1. The microfluidic chip, made of PDMS bonded on cover glass, consists of a sample inlet, a sheath inlet and an outlet connected by a central channel constriction of either 30 x 30 or 20 x 20pm square cross-section and a length of 300 pm. The choice of size depends on the sample.

2. The chip is mounted on the stage of an inverted high speed microscope equipped with a CMOS camera.

3. The chip is pre-filled with measuring buffer before the start of each experiment, using a 1ml Luer-Lok syringe (BD Biosciences) attached to a syringe pump and connected by PEEK-tubing (IDEX Health & Science LLC) which thus provides the sheath fluid.

4. The cell suspension is then drawn into a second 1ml Luer-Lok syringe (BD Biosciences) also attached to the syringe pump which thus provides the sample fluid. 5. The sheath fluid is used to hydrodynamically focus the cells inside the constriction channel. The total flow rate is 0.06 mΐ/s, of which the sheath flow rate was 0.045 mΐ/s and the sample flow rate was 0.015 mΐ/s. The flow rates are not restricted to these values.

6. If fluorescent staining is used, the laser power for each fluorophore is adjusted accordingly, based on single stain controls and an unstained sample. An image of every cell is captured in a region of interest of 250 x 80 pixels at a frame rate of 2,000 fps (it is to be noted that the dimensions of the region of interest and the frame rate are to be chosen as needed) . Morphological, mechanical and fluorescent parameters are acquired in real-time.

Results of such an analysis can be seen in Figures 5 and 6. For example, from these measurements of the cell deformation, it becomes possible to clearly distinguish between different subpopulations of cells, which allows for a clustering of the cells into groups based on different parameters. In the case at hand, it allows for distinguish different sub-populations of the cells independent of their cell size in terms of their brightness average and their cell size in pm^.

Fig. 5 shows that within the leukocyte population of a human kidney, it was possible to identify four different sub-groups based on the cell size and deformation parameter.

Fig. 6 shows that within the cells of a human colon sample, it was possible to identify approximately 6 sub-populations of cells purely based on brightness and size. Figure 7 shows an overall configuration of the system according to the first embodiment. A biopsy sample 108 is introduced into a dissociation means 110 where individual cells 113 are produced. Subsequently, the output cells 113 are introduced into an analysis means 112, which, in the case at hand, uses the RAPID-technology.
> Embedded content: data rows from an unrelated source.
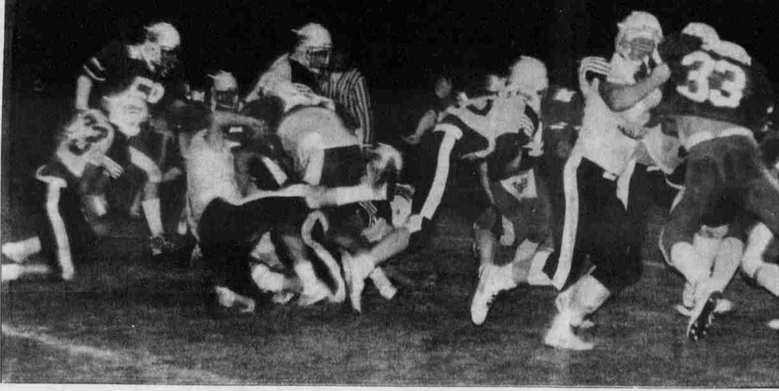
The action was wild and furious in the game between the Vale Vikings and the White Buffaloes. The Buffs won the homecoming game, 21-0.

The Buff Boosters meetings are regularly held the first Thursday of each month. The month of November will be an exception. This month's meeting will be held on November 13, 1986 in room 1 at Madras High School at 7:30 p.m. December's meeting will be regularly scheduled for December 4, 1986 in Warm
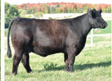
GF Emerald 301H Dam
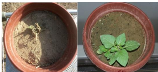
Fig. 3: Black nightshade before and after microwave application

Figure 8 shows details of how the dissociation means can be configured in a second embodiment of the invention. In particular, it is possible to use different grinding compartments, with an initial, more gentle grinding compartment 110a_l and then one or more harsh grinding compartments 110a_m. As indicated below, this can be implemented by having different grinding vanes 110b that are arranged at different distances relative to each other, where larger distances between the grinding vanes 110b correspond to a gentler grinding. It is to be noted that in all other respects, the second embodiment is identical to the first embodiment described previously.
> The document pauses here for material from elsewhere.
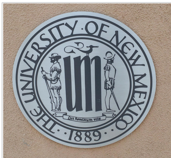
Figure 7. The UNM presidential seal has been criticized for representing the conquistador (on the right) and frontiersman (on the left), images often associated with settler colonialism.
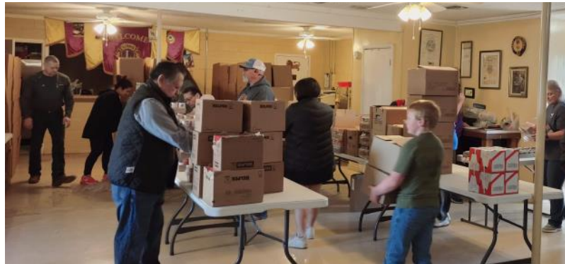
Packing Easter Food Boxes

Figure 9 shows the dissociation means 110 according to the third embodiment of the invention. Here, downstream of the actual dissociation means 110, a filter 111 for filtering out debris caused during the dissociation of the tissue sample is arranged. The third embodiment is in all other respects, identical to the first embodiment described previously.

Figure 10 shows a fourth embodiment of the present invention. A biopsy sample 108 is introduced into a dissociation means 110. The individual cells 113 are then transported into an adjusting cell medium 116. In the adjusting cell medium 116, the cell concentration and the viscosity of the carrier fluid 108 is increased, which will avoid centrifugation and resuspension steps. From the adjusting cell medium 116, the individual cells 113 are introduced into the evaluation means 112 that uses, in the present embodiment, the RAPID- technology.